Comparative Example 3 An attempt was made to obtain a film in the same manner as in Example 2 except that the T-die temperature was changed to 45 ° C. However, the molten state of the resin in the T-die became non-uniform, and a uniform film was obtained. I couldn't do that. Further, 5 minutes after the start of the experiment, the machine was stopped due to insufficient power of the extruder.

Comparative Example 4 A film was obtained in the same manner as in Example 2 except that the temperature of the T-die was changed to 220 ° C. However, the melt viscosity of the resin was extremely low, and the resin extruded from the T-die was formed into a thread. It ran off and the film could not be obtained.

Comparative Example 5 The procedure was carried out except that the temperature of the compressed air for cooling was 30.degree. C., the film temperature was cooled to 40.degree. C. over about 7 minutes, and then the compressed air at 0.degree. A film of Comparative Example 5 was obtained in the same manner as in Example 2.

Table 1 shows the thickness, spherulite size, tensile breaking strength in the machine direction, and tensile breaking elongation of the obtained film.

Comparative Example 6 The extruded film was immediately stretched to -20 while being stretched twice.
By contact with a stainless steel drum cooled to
Comparative Example 6 was carried out in the same manner as in Example 2 except that it was cooled to 18 ° C.
Was obtained. While handling the film at room temperature in an attempt to remove the specimen from the resulting film, white spots appeared on the film with new crystallization.

Table 1 shows the thickness, spherulite size, tensile breaking strength in the machine direction and tensile breaking elongation of the obtained film.

[0056]

[Table 1]

[0057]

The film of the present invention comprising a resin comprising polydioxolane has good mechanical properties and surface smoothness. Also, it should be noted that the film of the present invention is extremely excellent in stability under a high humidity environment. That is, while the film of the present invention has high hydrophilicity, the mechanical properties are reduced due to moisture absorption and the film is curled as seen in a film made of another hydrophilic polymer such as polyethylene oxide or polyvinyl alcohol. No problems such as deterioration in handling and adhesion of the surface occur. Furthermore, it should be noted that the film of the present invention also has extremely high water resistance, and even when in direct contact with water, suffers from problems such as swelling and perforation like a film made of polyethylene oxide or polyvinyl alcohol. Not at all. For this reason, unlike the film made of the hydrophilic polymer, the film has an excellent feature that moisture and waterproof measures are not required during transportation and use.

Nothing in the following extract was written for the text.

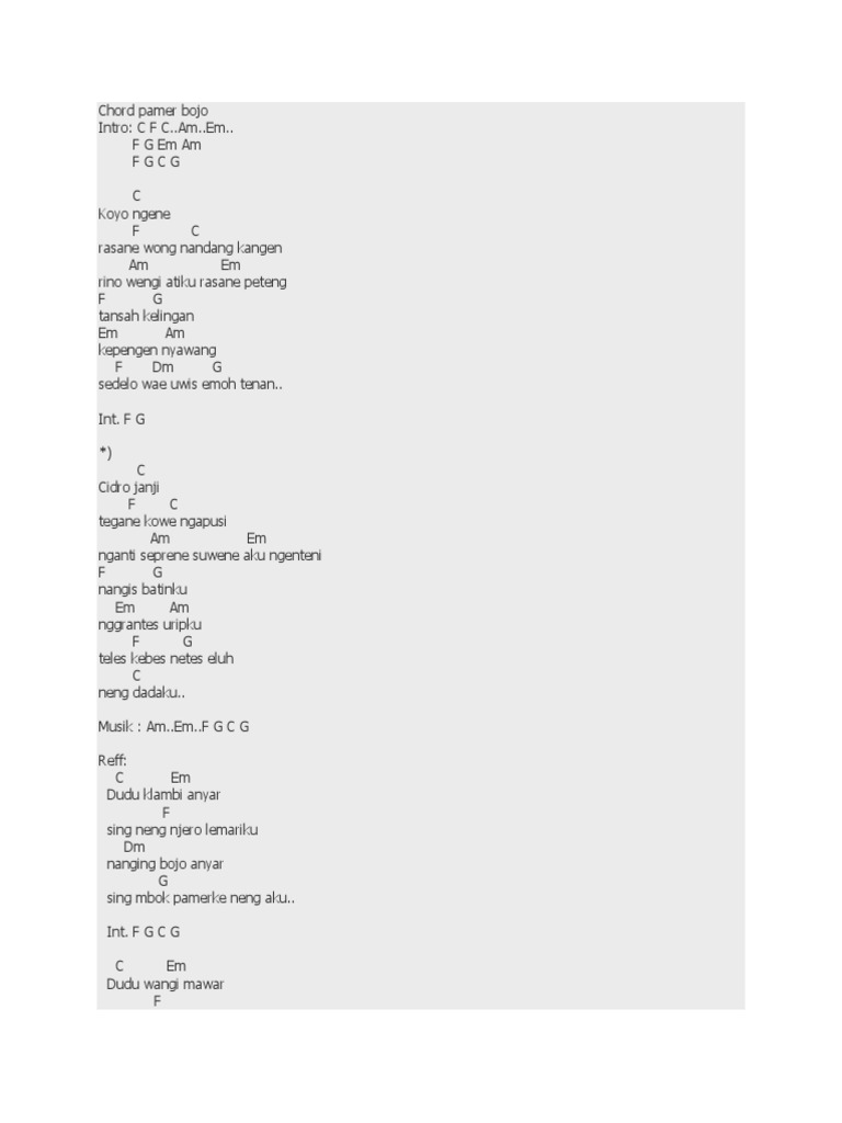 Aku malu aku malu aku malu. A Fm Bm E A Inikah oh namanya Fm insan sedang jatuh cinta Bm E Mengapa semua begitu A Fm indah dilihat Begitu sedap dipandang Bm C Fm Seolah kuingin slalu tersenyum Em A D E Tapi ah aku malu padamu A Fm Bm E Aku malu aku malu aku malu A Fm Bm E. Intro A Cm D A Fm Cm D E A Cm jika engkau bertanya D A sepedih apa hidupku Fm Cm cukup tatap mata ini D E dan kau rasakan dan kau rasakan chorus D E ku ikhlaskan apa adanya aku A D tanpa harus aku mengeluh Bm E karena ku yakin Tuhan lebih tahu A ini terbaik untukku D E tak perlu lagi ada air mata A D hidupku belum habis semua Bm E karena ku yakin Tuhan masih ada A dan akan selalu ada int A Cm D A Fm Cm D E A Cm aku malu padamu D A tahu kekuranganku Fm Cm tapi aku lebih malu. Capo di fret 2 Intro G Em G Em G D Resah dan gelisah menunggu di sini G C D Di sudut sekolah tempat yang kau janjikan G C D Ingin jumpa denganku walau mencuri waktu D G Berdusta pada guru G D Malu aku malu pada semut merah G C D Yang berbaris di dinding menatapku curiga G C D Seakan penuh tanya sedang apa di sini D G Menanti pacar jawabku Chorus G Bm C D G C D Sungguh. Chord Wali Aku Tidak Malu - intro A Cm D A Fm Cm D E A Cm jika engkau bertanya D A sepedih apa hidupku Fm Cm cukup tatap mata ini D E dan kau rasakan dan kau rasakan chorus D E ku ikhlaskan apa adanya aku A D tanpa harus aku mengeluh Bm E karena ku yakin Tuhan lebih tahu A ini terbaik untukku D E tak perlu lagi ada air mata A D hidupku belum habis semua Bm E karena ku yakin.

──────────────────────────────────────────────────続 き Continuation of the front page (51) Int.Cl. ⁶ Identification code FI C08L 71:00 (56) References JP-A-7-41533 (JP, A) JP-A-7-41532 (JP, A) ( 58) Field surveyed (Int. Cl. ⁶ , DB name) C08J 5/18 CEZ C08G 65/06

Claims (4)

(57) [Claims] 1. A crystal comprising a resin comprising polydioxolane and having a number average molecular weight in terms of polystyrene of 50,000 to 500,000 in terms of polystyrene measured by size exclusion chromatography, wherein the crystal is observed by wide-angle X-ray diffraction. A hydrophilic film having a degree of conversion of 25 to 75% and a spherulite size measured by a polarizing microscope of 500 μm or less. 2. The hydrophilic film according to claim 1, wherein the thickness of the obtained film is 10 μm or more and 300 μm or less. 3. A resin comprising polydioxolane and having a polystyrene-equivalent number average molecular weight of 50,000 to 500,000 as measured by size exclusion chromatography, and a molding machine outlet temperature of 50 ° C. to 200 ° C. And extrude the film into a film form for 2 seconds to 5 seconds.
A method for producing a hydrophilic film, comprising cooling to −10 ° C. to 30 ° C. in a cooling time of 1 minute. 4. The method for producing a hydrophilic film according to claim 3, wherein the thickness of the obtained film is 10 μm or more and 300 μm or less.